Recently, open-source machine learning frameworks such as PyTorch [1] and TensorFlow [2] started to provide quantization APIs for researchers to make the quantization of
neural networks easier, thereby reducing the service development time. As a result,
the quantization method to compress neural network is becoming more popular.
Meanwhile, mapping the quantized neural networks to the conventional fixed bit-width-based
hardware cannot maximize the computational efficiency. For example, an 8-bit input/weight
multiplication on the 32-bit multiplier circuit has the same throughput and similar
energy-efficiency to that of the a 32-bit input/weight multiplication.

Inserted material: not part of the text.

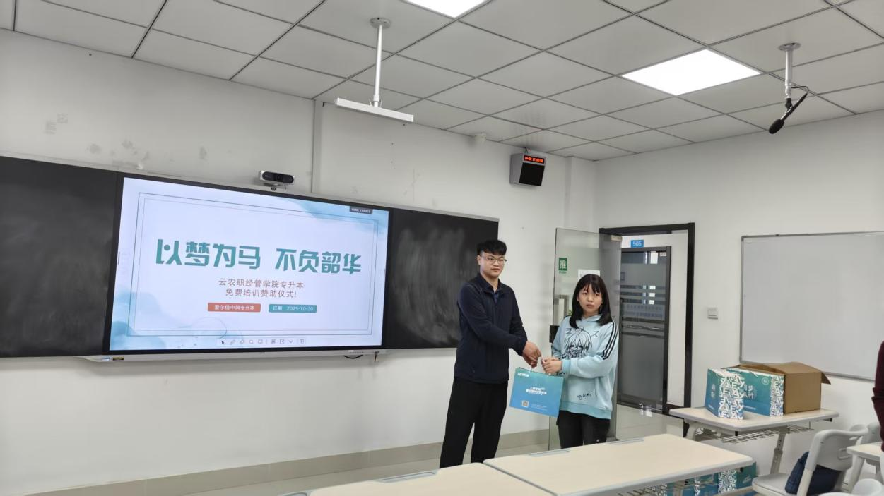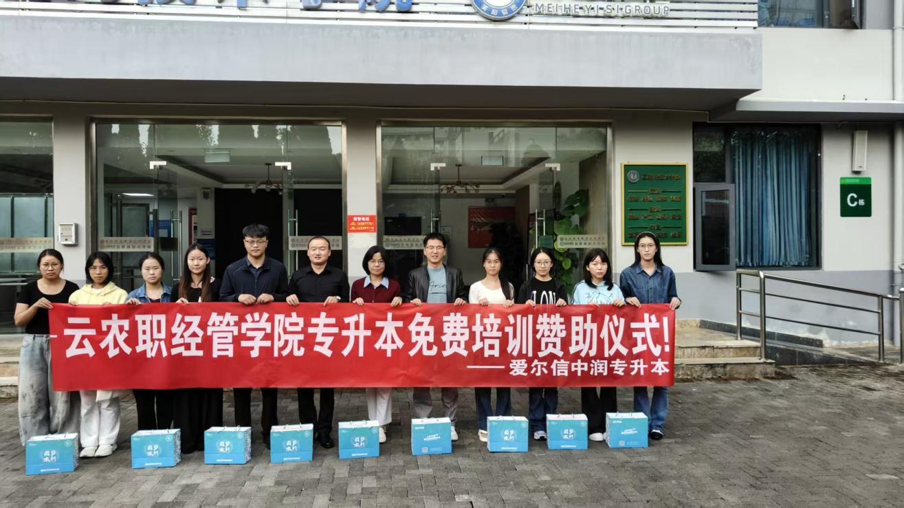 产教融合2025年10月21日,云南农业职业技术学院经济管理学院与爱尔信中润专升本合作举办的“专升本免费培训赞助仪式”在爱尔信培训基地顺利举行。此次活动是学院深入贯彻落实《中华人民共和国职业教育法》和《关于推动现代职业教育高质量发展的意见》精神,深化产教融合、校企合作,拓宽学生成长成才通道的一项重要举措。

To maximize
the performance of the quantized neural networks, previous works have proposed variable-bit
multiply-accumulate (MAC) units. However, such variable-bit MAC microarchitectures
have been implemented in different experimental conditions, so it is difficult to
select the most suitable scheme for a target design space. Previous work [3] studied the precision-scalable MACs, but it did not perform the evaluation on the
real benchmarks. Only ideal workloads were used for the simulation.
Our contribution to analyze and compare those variable-bit MAC units is as follows.
1) We review the variable bit-precision MAC microarchitectures. Subword-parallel,
one-/two-sided bit-width flexible MAC arrays are studied.
2) We synthesize the MAC arrays using a 28 nm standard library cells. Area, energy
consumption, and throughput are analyzed using the real neural network benchmarks.
II. REVIEW OF PRECISION-SCALABLE MAC MICROARCHITECTURES
1. One-sided Flexible Bit-width Designs
1) Stripes
In the neural networks, required bit-precision of neurons varies across the layers.
The main concept of the Stripes [4] is that performance can be linearly improved if the computation time is scaled depending
on the bit-width of the neurons. Fig. 1(a) shows the baseline fixed bit-width MAC array. In the baseline design, inputs and
weights are first stored in the input/weight buffers. Inputs are multiplied by weights
after loaded from the buffers. Then, the partial-sum is added and accumulated until
an output number is constructed. Stripes accelerator proposed a serial inner product
(SIP) unit which includes input/weight buffers, AND gates, adder tree, accumulator,
and bit-shift logic. Considering that multipliers usually generate partial products
using AND gates, SIP multiplies the weights by input bits using the AND logic. Fig. 1(b) shows a 2-bit multiplication example. First, 2-bit weights are AND-ed by LSBs of
the 2-bit input numbers. Two partial sums are added and accumulated in the buffer.
Second, the 2-bit weights are AND-ed by 2nd bits of the 2-bit inputs. After the AND
and accumulate operations, the SIP unit finishes the 2-bit dot product computation.
The numerical result is exactly the same as the baseline. If the SIP has the same
number of AND gates as the baseline multiplier has, the throughput of the SIP becomes
the same as the baseline inner product unit. For example, the baseline inner product
unit includes two 2-bit multipliers. The SIP can have 8 AND gates, thereby achieving
the same throughput as the baseline design.
Fig. 1. (a) Baseline fixed bit-width MAC unit; (b) serial inner product unit of Stripes[4].
2) UNPU
The processing engine in UNPU [5] deals with fully variable weight bits from 1 to 16-bit precision (Fig. 2). Input number is stored in the buffer and AND-ed by weight bits for `W' clock cycles
(W: \# of weight bits). After the processing engine finishes the multiplications between
inputs/weight pairs, the results are sent to the adder/subtractor tree. Furthermore,
lookup table (LUT)-based bit-serial computation is adopted for energy-efficient matrix
multiplication. Possible partial products are pre-stored in the partial product table.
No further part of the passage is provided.